US-Artificial-Intelligence / Scraper: An API that takes a URL and provides a file with browser screens.

You run the API on your machine, you send it a URL, and you return the website data as a site screenshot file. Simply as.
This project was made to support AbbeyA AI platform. Its Author Gordon room.
Some time:
- Page scrolls and picked up screenshots in different sections
- Runs in a docker container
- Browser-based (run on JavaScript on website)
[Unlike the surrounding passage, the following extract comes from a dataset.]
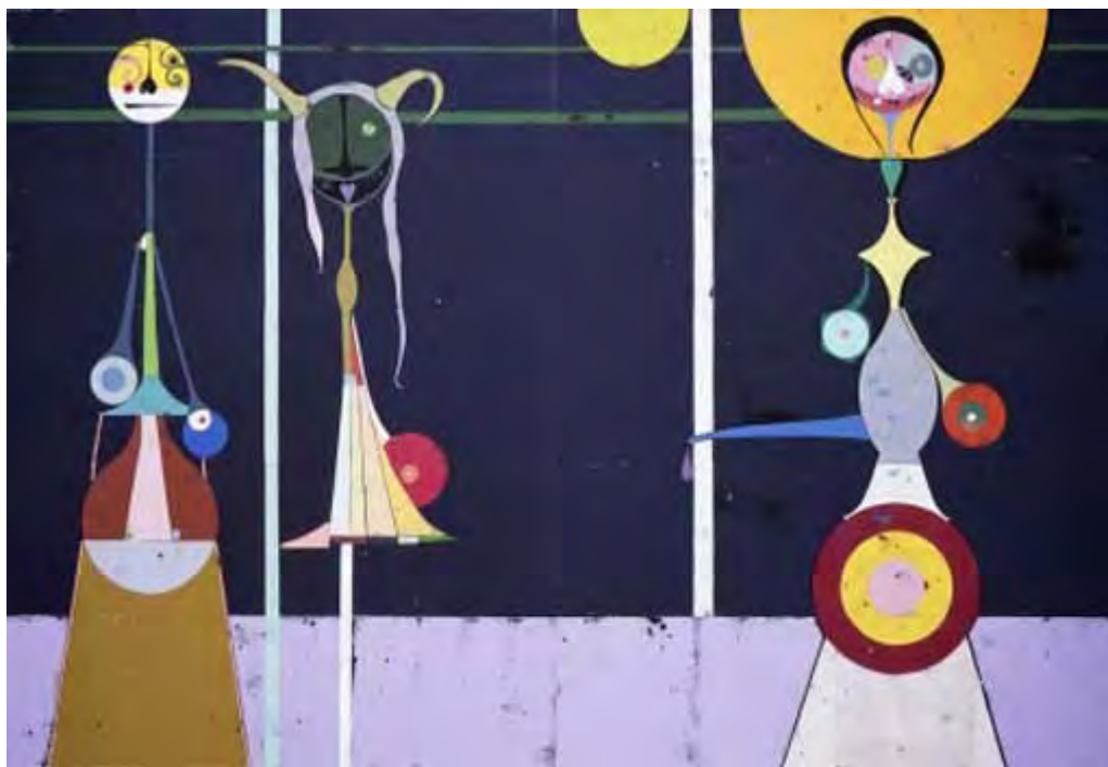
Uwe & Gert Tobias: Ohne Titel, farbiger Holzschnitt auf Papier, 268 x 401,7 cm

- HTTP status code gives you from the first request
- Automatically hold 302 again
- Manage download links correctly
- Tasks are processed by a queue with configurable memory allocation
- Block the API
- Zero state or other complexity
This Web Scraper has a resource of higher quality than many alternatives. Websites are shipped using PlayWright, which launch a brownox browser context for each job.
You must have Docker and docker compose
installed.
- Clone this repo
- run
docker compose up
(adocker-compose.yml
The file is provided for your use)
… and the service applies to http://localhost:5006
. View the use section below for details on how to interact with it.
You can put an API key using a .env
file within /scraper
folder (same level as app.py
).
You can put multiple API keys as you want; Authorizes API keys are those who start SCRAPER_API_KEY
. For example, here is a .env
File with three available keys:
SCRAPER_API_KEY=should-be-secret
SCRAPER_API_KEY_OTHER=can-also-be-used
SCRAPER_API_KEY_3=works-too
API keys are sent to service using Authorization carrier design.
The root path /
Return to Status 200 If there is online, in addition to Gilbert and Sullivan lyrics (you can go there in your browser to see if it’s online).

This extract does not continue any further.